I just started hunting again this year, the only thing I've been after so far are squirrels here in Kalamazoo county on state land that sits behind Hogset lake. So Far I've gotten 13 fox squirrels, 1 black squirrel and 5 red squirrels this year. I've been using an airgun (mostly Crosman) that I put together. Last fall I found an airsoft pistol in the woods with my metal detector and it's what got me hooked on this airgun hobby I've been having fun with. Now that squirrel season is going again I'm really having fun with it because I've always liked the taste of squirrel and having fun harvesting some. Right now I've got a bunch in the fridge that ready to be reheated and a lot in the freezer ready to be cooked. I've been cooking them in the slow cooker with a recipe that I found online. I have eaten a couple that I fried too this year. Air guns have come a long ways since I bought my Sheridan Bluestreak back in 77 and I also hunted a little with that gun but back then you could buy ammo anywhere at a really cheap price so most of my squirrel hunting in the 70's was with my Ruger 10-22 which I still have and shoots just fine. I also have permission to hunt a friends property but heck I've been having fun on the state land, it's much closer but maybe I'll try harvesting me a deer this year with my muzzleloader on his property(he said there's a lot of deer there) cause there's nothing like a lot of nice venison in the freezer. Anyway I put a few pics here so you can see a little of what I've been getting and what I've been hunting with.

This first picture gives some basics of the gun I've been using, it's a modified Crosman 2240 with a 14.5" barrel, TKO (suppresor bascially but they also call them an LDC (lead dust collector), HiPAC (made in Texas) for HPA(high pressure air) conversion from co2, trigger components by Crosman, modified valve(needed for the HPA conversion) and more.

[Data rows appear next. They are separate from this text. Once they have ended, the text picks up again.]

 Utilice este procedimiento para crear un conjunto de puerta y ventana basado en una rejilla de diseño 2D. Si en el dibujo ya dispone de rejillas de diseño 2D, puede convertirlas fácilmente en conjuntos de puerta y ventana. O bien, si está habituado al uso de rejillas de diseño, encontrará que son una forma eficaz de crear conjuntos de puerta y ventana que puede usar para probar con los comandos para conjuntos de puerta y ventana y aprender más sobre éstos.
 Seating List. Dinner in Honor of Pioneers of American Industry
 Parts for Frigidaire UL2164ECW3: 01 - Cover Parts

here's a pic of a recent hunt which also shows a 10 shot string over the chronograph (Chrony made in Canada).










On this hunt I forgot to bring along my camera so I took a better picture with my still camera when I got home, I bagged both of these in a 20 minute time period, they don't even know where the shots are coming from this gun, its so quiet.

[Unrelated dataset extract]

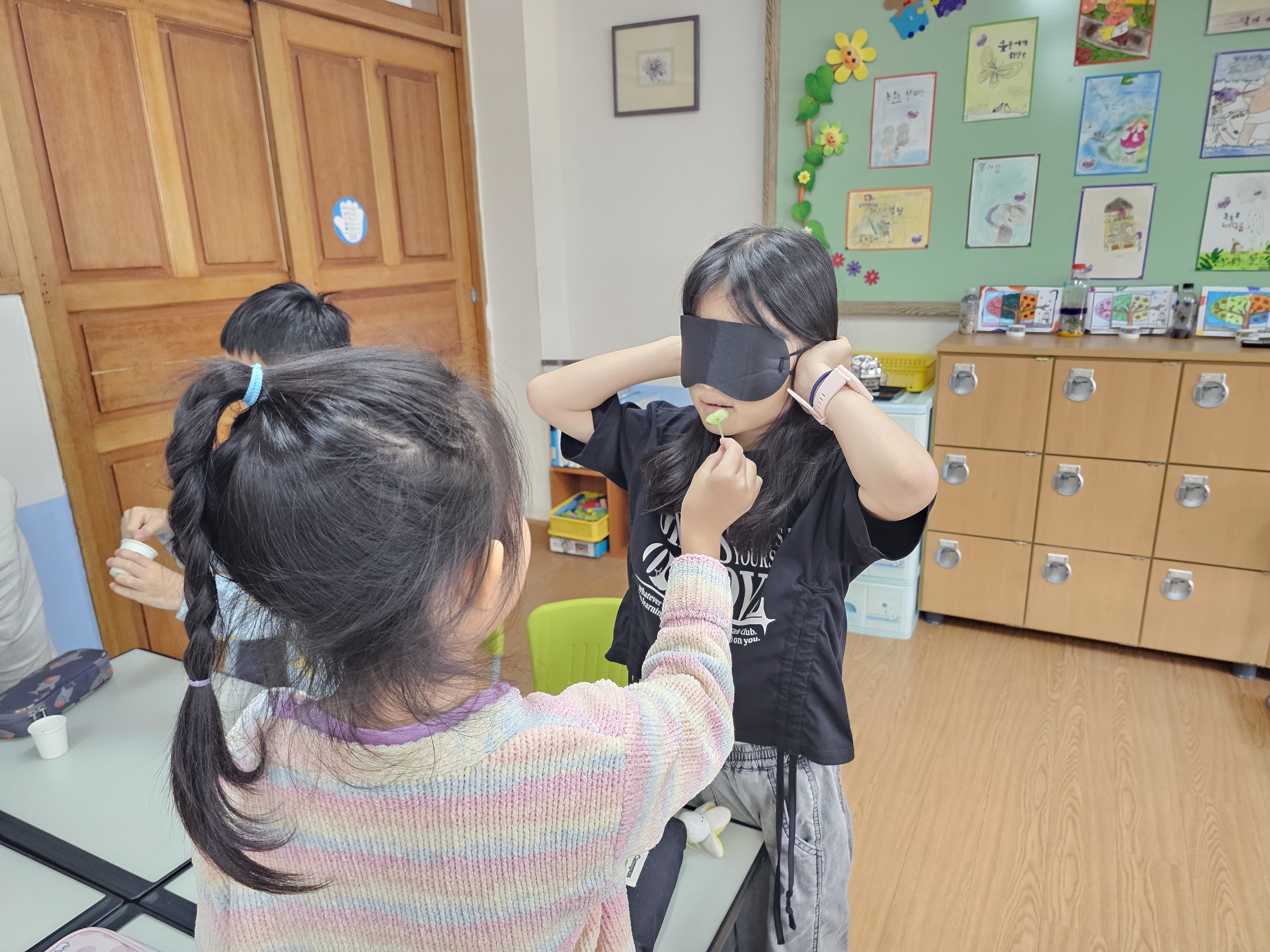 파프리카를 생으로 먹는 것은 쉬운일이 아님에도, 아이들이 용기를 내는 모습이 보기에 좋다. 유독 파프리카를 처음으로 먹어봤다는 아이들이 많았으며, 생각보다 달콤하고 맛있고, 귀를 막고 씹으니 와삭와삭, 아삭아삭 소리가 난다는 평을 해주었습니다. 매일 꾸준히 채소를 먹겠다고 실천약속을 하였습니다.

The airgun laws here in Michigan allow you to even hunt deer now but it's got to be .357 or bigger. I think I'll hunt with my muzzle loader for big game but people all over the US are taking all kinds of game with airguns now. So far I haven't seen any other hunters on this state land that hunt with air guns but let me tell you I'm having a lot of fun.


----------



## 357Maximum (Nov 1, 2015)

That is one wicked cool looking treerat slayer, congrats on the build and the fine tasting meat.


----------



## Wayne52 (Oct 31, 2016)

357Maximum said:


> That is one wicked cool looking treerat slayer, congrats on the build and the fine tasting meat.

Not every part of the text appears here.